I think this is very important point. Boost developers are very
concern about the amount of work required to maintain the software,
but the question, is non-maintained library should be a part of Boost
at all?

Such huge code-base may become real mess when it is so widely deployed.

Let's take a look on a simple example of bug in UUID:

   https://svn.boost.org/trac/boost/ticket/3971

This bug causes quit not so unique IDs can be generated. This has
very bad security concerns that may cause in some software for example
guessable session ids.

Bad, very bad bug. Security bug. Solution? Upgrade to Boost 1.43 when
it is released (with hopefully fixed bug).

But lets go to the package maintainers of Linux distributions like
Debian:

1. They can't upgrade Boost version because many programs depends
   on specific Boost version and it can't be transparently upgraded
   because Boost does not provide neither ABI nor even API compatibility

2. Boost does not release any backward compatible version with
   at least security bug-fixes.

3. Package maintainers should manually backport all fixes to 1.42
   because they have to provide secure software.

That is **bad** really **bad**. More then that, I even do not sure
if any of maintainers are aware that this issue should be fixed.

And this is not distributions issue, many companies stick with
specific versions of Boost because upgrade may cost too much.

Now, generally the bug I pointed at is not so bad, it has simple
fix (fixed in trunk) and it even does not break any compatibility.

But:

a) What would happen if this issues happens in some unmaintained library?
b) Are there any policy of bug-fixes in stable releases?

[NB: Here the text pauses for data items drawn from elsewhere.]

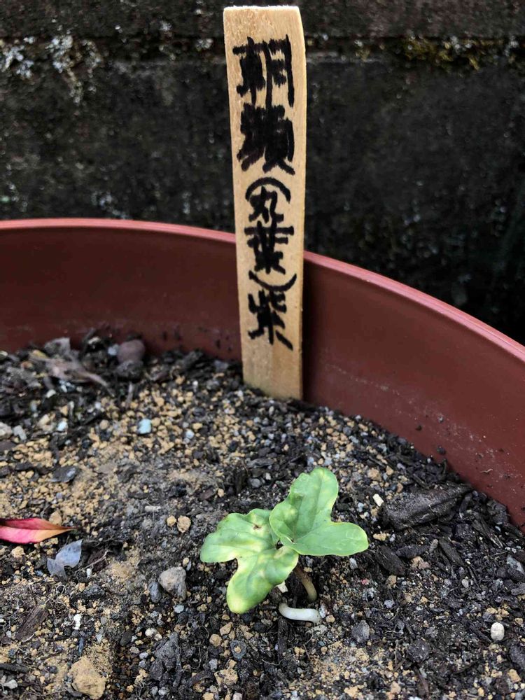 昨年一番最後に咲いた種類の朝顔のこぼれ種から、一番最初に発芽しました。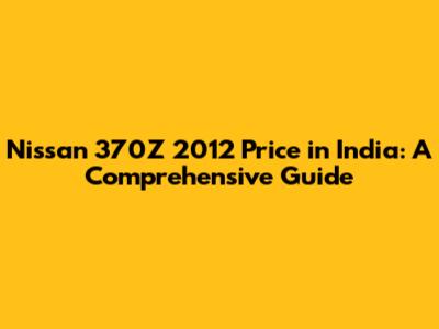 Understanding the Nissan 370Z 2012 Price in India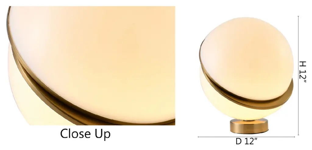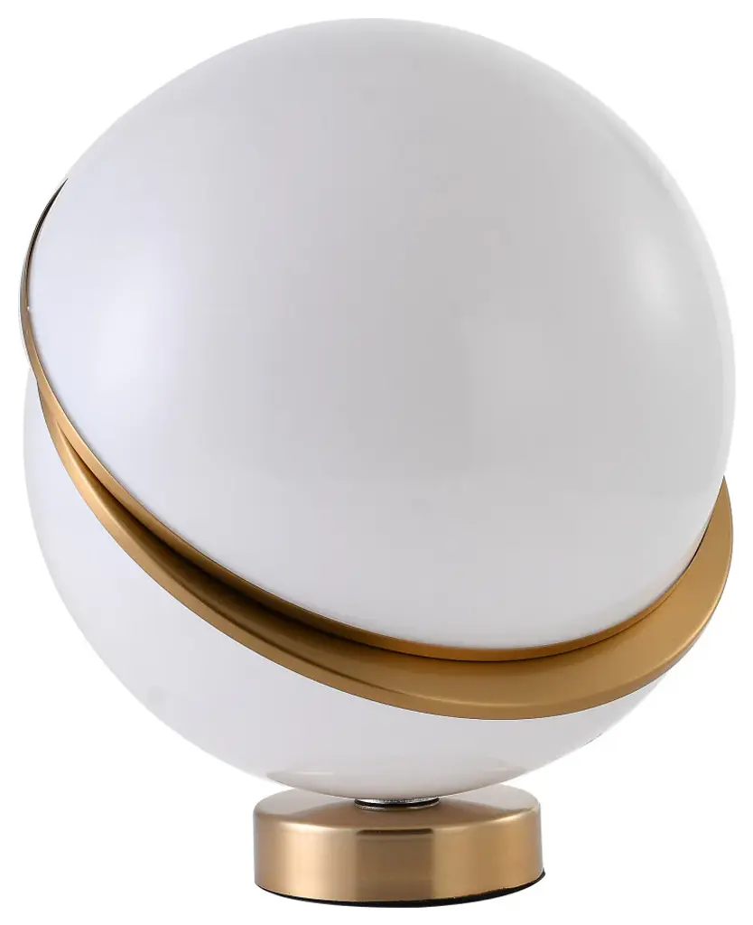 This modern and stylish table lamp features a unique orb-shaped design with a gold metal base and a white glass shade. The minimalist design creates a dramatic and eye-catching effect, perfect for adding a touch of contemporary flair to a bedside table, living room, or home office. This table lamp is a plug in with an ON/OFF switch. Color: GoldSize: D12" H12"Materials: MetalLighting Specs:Commercial Use: YesUL Certified: YesETL Certification: NoLight bulbs not includedNumber of Bulbs: 1Bulb Type: E26Max Wattage: 60

So there are two major issues I see with current development:

a) Boost releases should be more modular -- probably single trunk is
   bad idea.
b) Boost should support backward compatibility at some level and incude
   some maintenance of existing stable libraries.

Another point I had figured from reading reviews of the libraries
recently was:

**Very few reviewers actually do the code review!** Most of them
look into API usefulness, documentation of the library but only
few of them read the actual lines of code.

**This is bad.** For a long time period I was sure that Boost has
high quality libraries because may eyes look on them and so all bugs
vanish... But it seems to be different.

And if we take a look on the situation where:

a) Boost is considered high quality set of libraries.
b) Boost is very common library and every 2nd C++ project uses is.
c) Boost is not backward compatible even and API level.
d) Boost does not maintain stable releases.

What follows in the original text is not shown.